### TRY IT
Transcribe everything in the listing below exactly, except the pictures.

### COLLECTED MATERIAL
>>>>>

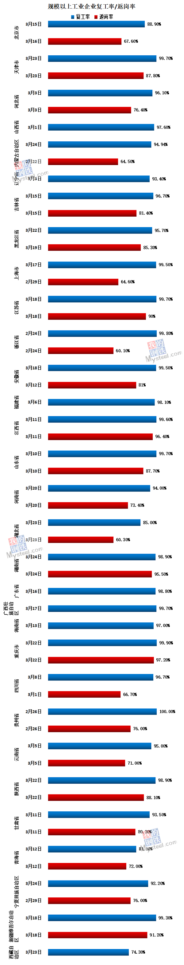 Second, from January to February, the growth rate of various investments at the demand side of construction machinery slowed down significantly. In terms of fixed investment, from January to February 2020, the national fixed asset investment (excluding farmers) was 333.23 billion yuan, down 24.5% year on year and 27.38% month on month. From January to February 2020, the national investment in real estate development was 101.15 billion yuan, down 16.3% year on year. From January to February, the housing construction area of real estate development enterprises was 6942.41 million square meters, up 2.9% year on year. From January to February, 103.7 million square meters of housing were newly built, down 44.9% year on year. Real estate development enterprises purchased 10.92 million square meters of land, down 29.3% year on year. From January to February 2020, infrastructure investment dropped 30.3% year on year. Among them, the mining industry dropped 3.8% year on year, the smallest drop in investment demand. The poor performance on the demand side is also reflected in the production and sales volume of all kinds of mechanical equipment. According to the industry statistics of China Construction Machinery Industry Association, 24 mainframe manufacturing enterprises included in the statistics from January to February 2020 sold 19,222 sets of various mining machinery products, up -37.0% year on year. Sales volume in the domestic market was 14,667 units, up -46.5% year on year. Export sales volume was 4555 units, up 48.2% year-on-year. According to the latest data from the National Bureau of Statistics, the output of excavators from January to February 2020 was 27,629 units, down 35.7% year on year. Third, the impact of the epidemic is gradually weakening and the traditional peak season is approaching. Mysteel statistics show that as of March 26, the return rate of industrial enterprises above the scale of 27 provinces and cities exceeded 90%, and the return rate of workers from Jiangsu, Jiangxi, Hunan, Chongqing, Xinjiang and other provinces exceeded 90%. Major projects have also started in various places.
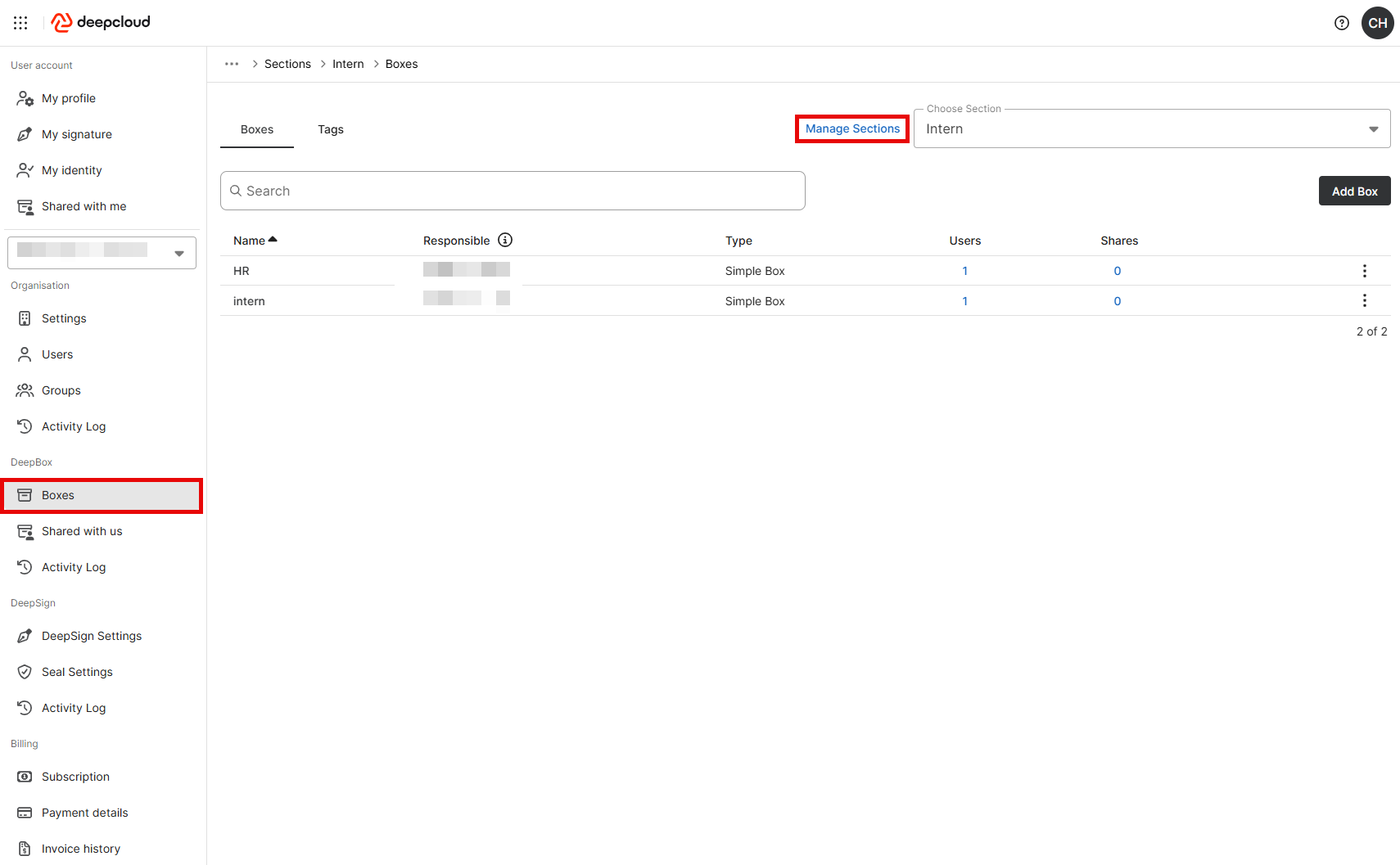The DeepBox can be individually structured using sections. These sections can be managed in the account management under the “Boxes” tab. The sections can be accessed at the top right using the “Manage sections” button.
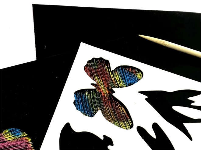 Ez a kreatív készlet remek választás kicsiknek és nagyoknak egyaránt. A papír fekete rétege színes, szivárványos alapot rejt, amely a mellékelt fa stylussal történő kaparással tárul fel. A sablonoknak köszönhetően könnyedén készíthetsz tiszta formákat és dekorációkat – vagy belefoghatssz a szabad alkotásba is.
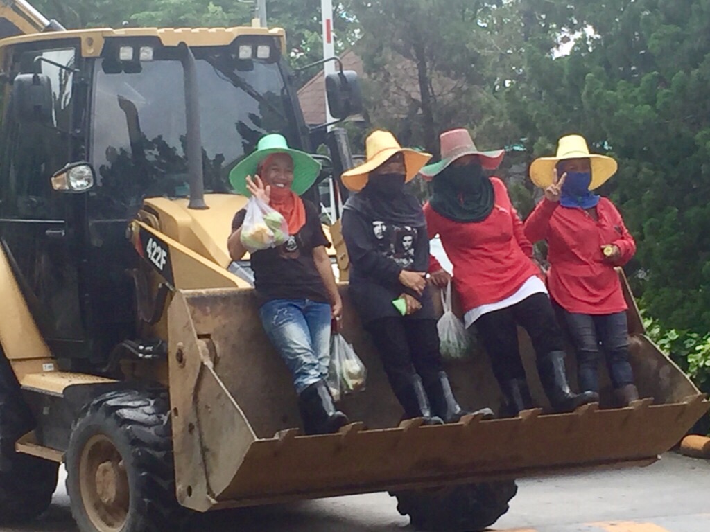 Health and Safety in most places wouldn’t allow children on a travel lift but there were two perched up there!

<<<<<

### ANSWER BOX
 Second, from January to February, the growth rate of various investments at the demand side of construction machinery slowed down significantly. In terms of fixed investment, from January to February 2020, the national fixed asset investment (excluding farmers) was 333.23 billion yuan, down 24.5% year on year and 27.38% month on month. From January to February 2020, the national investment in real estate development was 101.15 billion yuan, down 16.3% year on year. From January to February, the housing construction area of real estate development enterprises was 6942.41 million square meters, up 2.9% year on year. From January to February, 103.7 million square meters of housing were newly built, down 44.9% year on year. Real estate development enterprises purchased 10.92 million square meters of land, down 29.3% year on year. From January to February 2020, infrastructure investment dropped 30.3% year on year. Among them, the mining industry dropped 3.8% year on year, the smallest drop in investment demand. The poor performance on the demand side is also reflected in the production and sales volume of all kinds of mechanical equipment. According to the industry statistics of China Construction Machinery Industry Association, 24 mainframe manufacturing enterprises included in the statistics from January to February 2020 sold 19,222 sets of various mining machinery products, up -37.0% year on year. Sales volume in the domestic market was 14,667 units, up -46.5% year on year. Export sales volume was 4555 units, up 48.2% year-on-year. According to the latest data from the National Bureau of Statistics, the output of excavators from January to February 2020 was 27,629 units, down 35.7% year on year. Third, the impact of the epidemic is gradually weakening and the traditional peak season is approaching. Mysteel statistics show that as of March 26, the return rate of industrial enterprises above the scale of 27 provinces and cities exceeded 90%, and the return rate of workers from Jiangsu, Jiangxi, Hunan, Chongqing, Xinjiang and other provinces exceeded 90%. Major projects have also started in various places.
The DeepBox can be individually structured using sections. These sections can be managed in the account management under the “Boxes” tab. The sections can be accessed at the top right using the “Manage sections” button.
 Ez a kreatív készlet remek választás kicsiknek és nagyoknak egyaránt. A papír fekete rétege színes, szivárványos alapot rejt, amely a mellékelt fa stylussal történő kaparással tárul fel. A sablonoknak köszönhetően könnyedén készíthetsz tiszta formákat és dekorációkat – vagy belefoghatssz a szabad alkotásba is.
 Health and Safety in most places wouldn’t allow children on a travel lift but there were two perched up there!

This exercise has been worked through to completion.